At the same time, Trump and Republicans have distilled down Trumpism’s core narratives into a series of ludicrous and menacing cartoons for the GOP base’s consumption. Why? Brownstein’s analysis provides an answer: Because the bulwark against truly large GOP losses in the House is made up of many districts that are competitive but are also heavily populated with blue-collar, rural, small-town, exurban and evangelical whites. Hold off Democrats in all those districts, and if they win the majority, it will be a limited one.

And so, to galvanize those voters, Trump has directed bread-and-circuses belligerence at euro-weenie elites and China. He has employed endless lies and hate-mongering to hype the migrant “caravan” into a national emergency, and will send in troops as props to dramatize the point. Republicans are running ads absurdly depicting immigrants as criminals and invaders alongside many other ones that indulge in naked race-baiting. Trump is vowing an end to birthright citizenship, confirming the ethno-nationalist underpinnings of Trumpism and further fanning the xenophobic flames.

But Trump’s political team recognizes that all this risks a backlash among more-educated white voters. So this is the $6 million ad campaign that his team is running right now, that appears to be targeting those voters.

The split in GOP messaging is notable. While Republicans employ garish race-baiting to galvanize the hard-core white GOP base, this ad’s soft-focus messaging directed at white suburban women features none of that imagery. The spot’s iconic white suburban woman is obviously conflicted over her vote — we aren’t told why, but we know full well why — but finally checks the “Republican” box out of concern over her child’s economic future.

Yet the ad’s core narrative — the contrast of the Obama hellscape with the Trump boom — is an invention, and as the first study noted above suggests, it might not even resonate in these districts.

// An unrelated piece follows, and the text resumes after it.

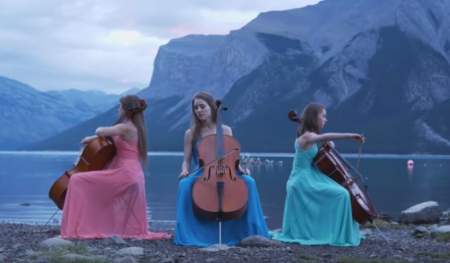 The video begins with the three cellists sitting on chairs at Lake Minnewanka in Banff National Park. It’s no coincidence that the mountain range in the background is known as the Three Sisters.
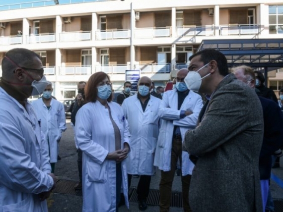 Τον κ. Τσίπρα υποδέχθηκε η διοικήτρια Θεσσαλονικιά Καρατζόγλου και στη συνέχεια ακολούθησε σύσκεψη με τη συμμετοχή διεθυντών κρίσιμων κλινικών που έχουν σχέση με την αντιμετώπιση της πανδημίας.

What’s more, the Trump/GOP economic agenda is being dramatically falsified as well: Trump is promising a huge middle-class tax cut that isn’t going to happen, to obscure the truly regressive nature of the actual Trump/GOP tax cut, which lavished a huge windfall on the wealthy and corporations and as such is deeply unpopular.

Republicans are also running ads vowing to protect people with preexisting conditions, yet they have also locked themselves into opposition to Obamacare, which Democrats are now campaigning on protecting. As Ezra Klein explains, this has left Republicans with no alternative but to lie relentlessly to obscure the real GOP health-care agenda, which is to deregulate insurance markets and regressively strip protections and economic assistance from millions. This, too, is deeply unpopular.

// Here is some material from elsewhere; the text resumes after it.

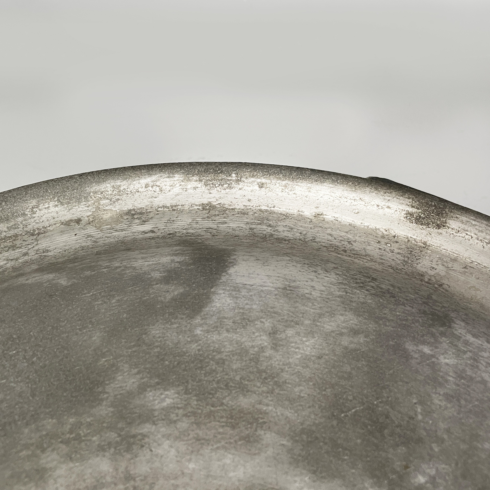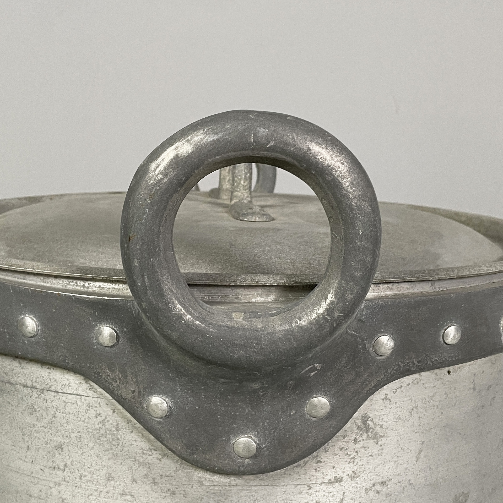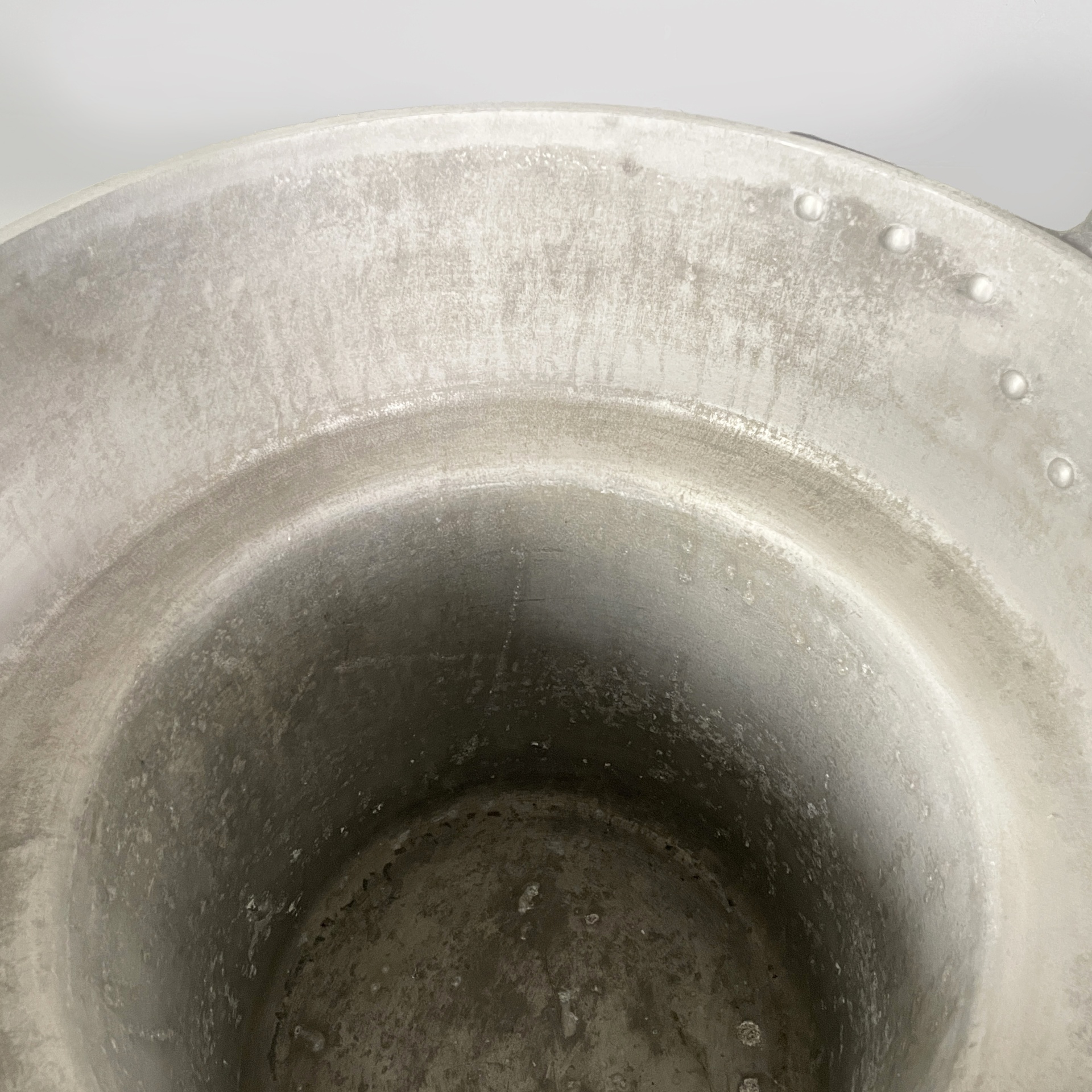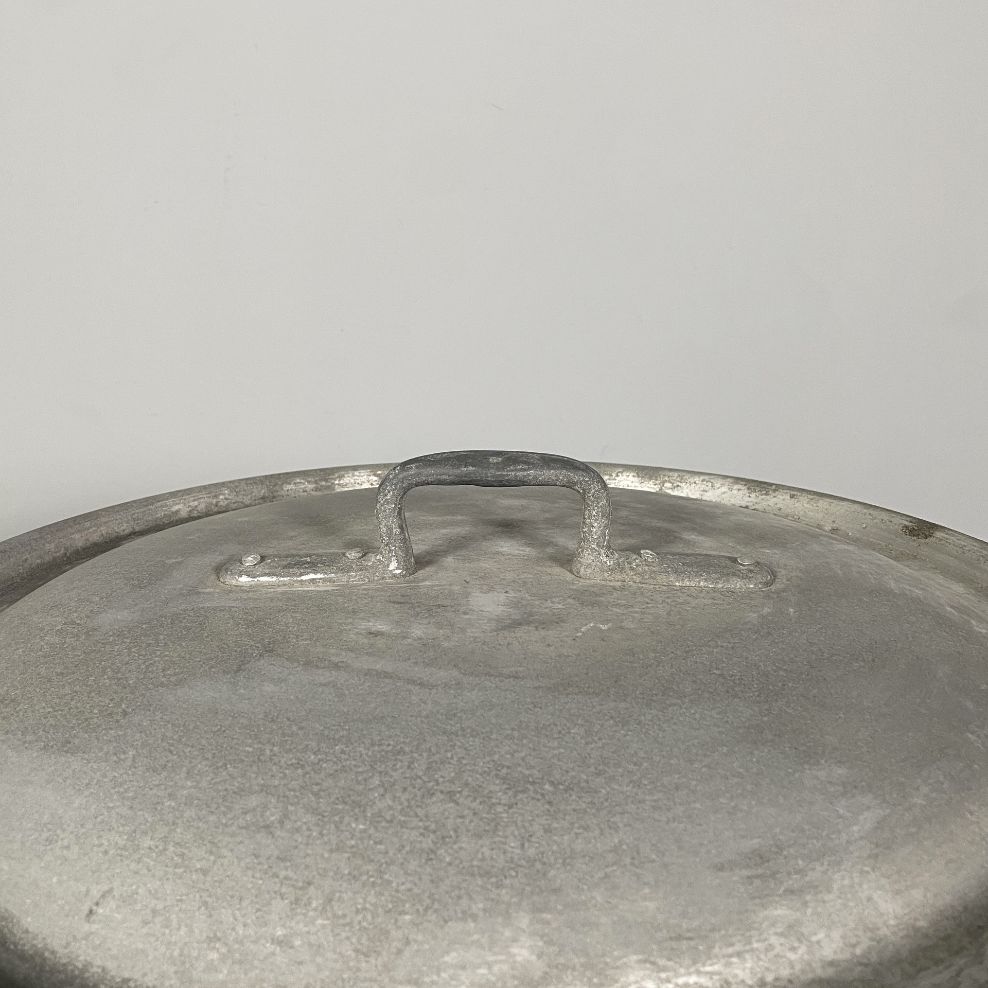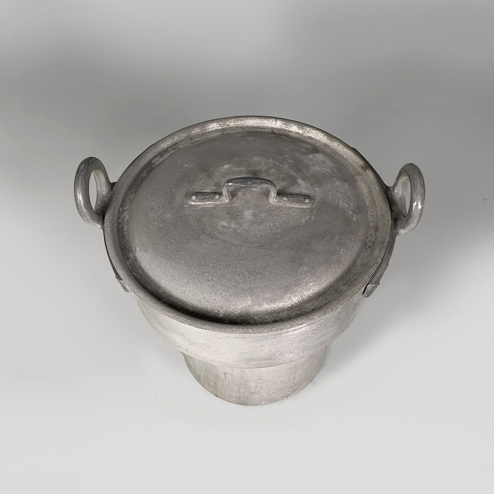 Pentola o cesto con coperchio a base tonda, interamente in alluminio. Sui lati sono presenti due manici tondi.

Trump and Republicans are closing by lying about health care and taxes to limit losses among suburban and well-educated white voters, and lying about immigration while race-baiting against individual Democratic candidates to keep the downscale white GOP base energized. This probably won’t be enough for Republicans to keep the House. But whatever is to be on this front, the need to lie so relentlessly about all these matters itself constitutes an admission of failure. The public has seen Trump’s fusion of ethno-nationalism and orthodox GOP plutocracy put into governing practice, and is rejecting it.

So there you have it:  In order to keep the House, the GOP has to appeal to white college graduate women to keep the house (44% voted GOP in 2016) and to white women without degrees (61% voted GOP in 2016).  Together, they made up 37% of the electorate.  You have two different campaigns, based on two separate sets of lies.  They're getting crossed up, and it's not working.

In the final week we'll see how it goes, but should the blue wave become a blue tsunami, you'll know why.